Marina Cordoni Entertainment, Big Soul Productions and Thunderstone Pictures
a film by Adam Garnet Jones
Toronto International Film Festival
Vancouver International Film Festival
Palm Springs International Film Festival
ImagineNATIVE **Winner – Air Canada Audience Choice Award**
Reel Out Festival **Winner – Best Feature Narrative**
Opens May 13 in Toronto
Carlton Cinema (20 Carlton St.)
Fire Song is a universal story about youthful dreams confined by reality, set in a remote Aboriginal community. After debuting at the 2015 Toronto International Film Festival and a wildly successful festival run, the first feature from acclaimed director Adam Garnet Jones, and the first LGBTQ drama by an Indigenous, two-spirited filmmaker in Canada, Fire Song will open theatrically May 13 at Toronto’s Carlton Cinema.
The reserve at Wabigoon Lake Ojibway Nation, and Fort William First Nation in Northwestern Ontario provides a vivid backdrop to the daily turmoil of Shane (Andrew Martin), a gay Anishnaabe teenager struggling to support his family in the aftermath of his sister’s suicide. Determined to take care of his mother (Jennifer Podemski), he is torn between his responsibilities at home and the promise of calling to him from the city.
His desire to escape comes to a dramatic boil when his girlfriend (Mary Galloway) demands to be part of his dream life, oblivious to Shane’s secret relationship with David (Harley LeGarde-Beacham). Shane’s vision foresees himself at school in Toronto and David living with him.
Meanwhile, David wrestles with the incompatibility of his sexual orientation with his presumed destiny as the successor to his grandmother, a traditional healer and Elder in the community.
“As a result of all of the things that are happening in his life,” Jones says, “Shane is put into a situation where he has to choose. “The film is about Shane trying to have it all – trying to do the best he can in an impossible situation.”
In a still-developing career, Jones is known for his ear for the voices of troubled youth, particularly on the strength of his previous short-film Liar – a multi-character take on bullying. Both films share themes of passivity over action and, “the tension that I remember as a teenager.”

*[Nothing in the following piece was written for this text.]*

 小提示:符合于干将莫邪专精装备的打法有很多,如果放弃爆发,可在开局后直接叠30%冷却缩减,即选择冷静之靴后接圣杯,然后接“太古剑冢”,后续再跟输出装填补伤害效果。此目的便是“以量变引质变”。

Director Adam Garnet Jones is a gay Cree/Metis filmmaker originally from Edmonton. His short films have been broadcast widely on television and at film festivals. In 2008, Adam received the imagineNATIVE/Canwest Mentorship Award and was the recent recipient of the RBC Emerging Artist Award and the Jim Burt Screenwriting prize for the script for Fire Song. He recently wrapped production on his second feature film, Great Great Great.

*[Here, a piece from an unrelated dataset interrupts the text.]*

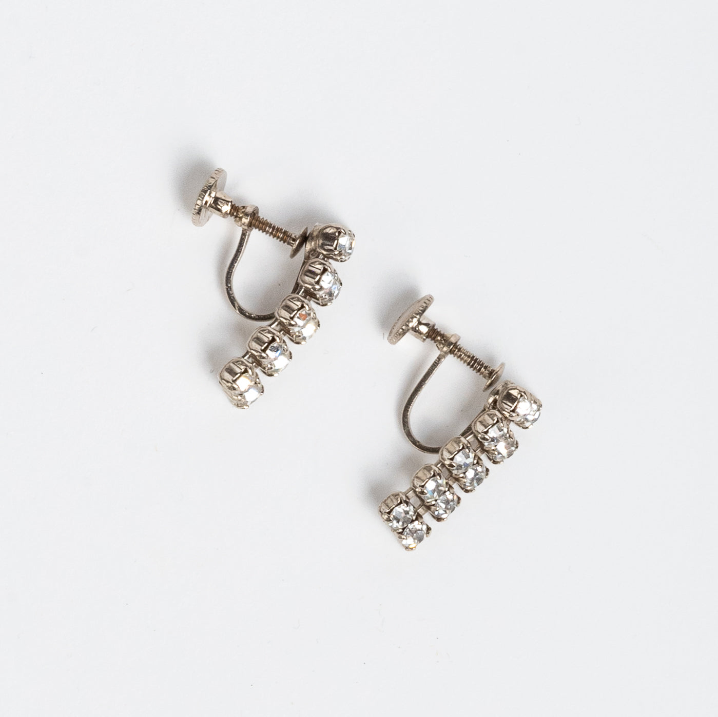 SIGNED SHERMAN CLEAR CRYSTAL RHINESTONE DANGLE SCREW BACK CHANDELIER EARRINGS

About Big Soul Productions
Big Soul Productions Inc. is an award winning and GEMINI nominated Toronto-based company founded in 1999. Owned by producer/entrepreneur Laura J. Milliken. Big Soul is dedicated to producing the highest quality productions bound for all screen sizes and audiences of all kinds. Since its inception, the company has become a leader in Aboriginal content programming. Big Soul currently has a development slate of two feature films and an original dramatic television series, and is in preproduction with its variety and performance series, The Guilt Free Zone.

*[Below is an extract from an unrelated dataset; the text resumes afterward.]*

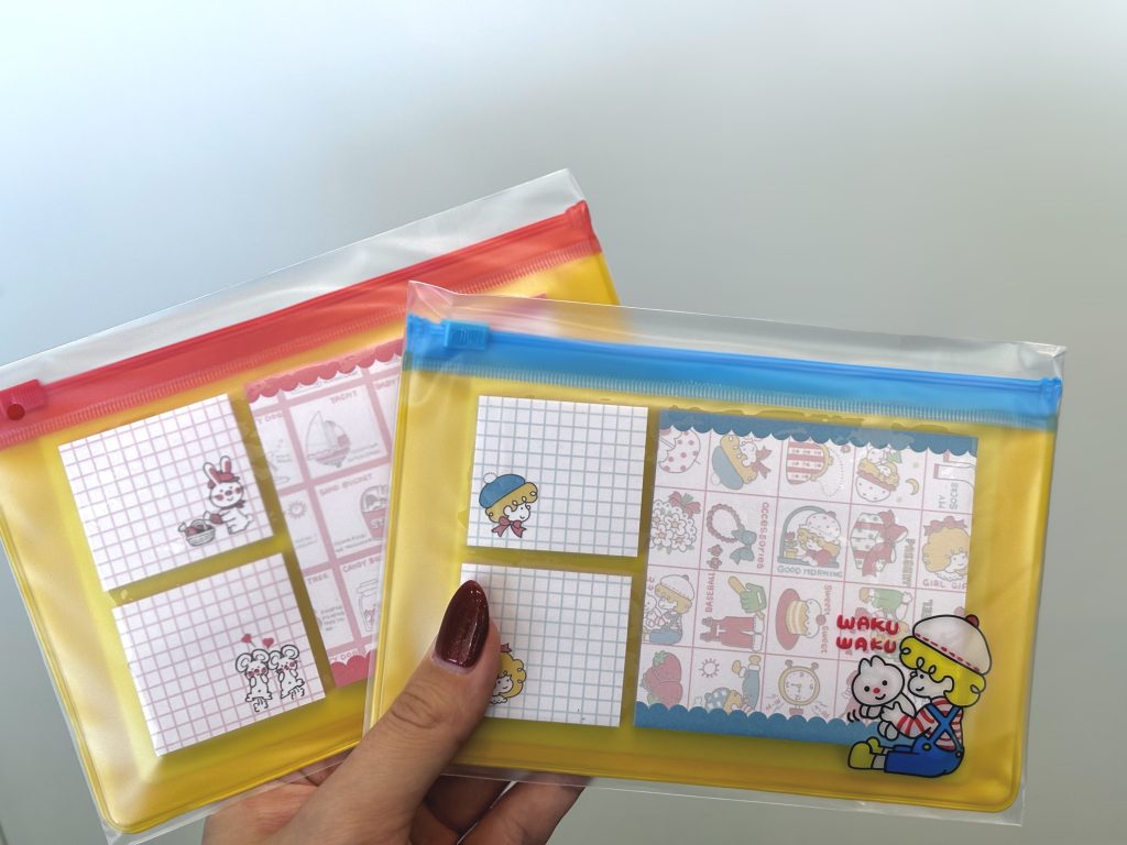 チャーミーレトロポーチ付ふせんセットをお配りしています

About Marina Cordoni Entertainment
MCE is a filmmaker-focused services approach to the various stages of feature film production: from creative development, financing, executive producer services, producer representation and domestic distribution. Prior to MCE, Marina Cordoni worked for various entertainment companies including Breakthrough Entertainment, where she was responsible for building a dedicated movie division, and PolyGram Filmed Entertainment, where she handled pre-sales and completed picture sales in various foreign territories on major independent hits. http://www.marinacordoni.com/
About Thunderstone Pictures
At Thunderstone Pictures we craft award-winning drama and documentary films as well as commercial and educational products. Thunderstone Pictures is recognized as a trailblazer for leading-edge filmmaking that pulls no punches on the social issues affecting our communities and our planet. In addition to multiple film awards, Thunderstone has won several community service awards including the Mayor of Thunder Bay’s Community Safety and Crime Prevention Award for our work with at-risk youth and for raising awareness on critical social issues like the prescription drug epidemic affecting remote Northern Ontario.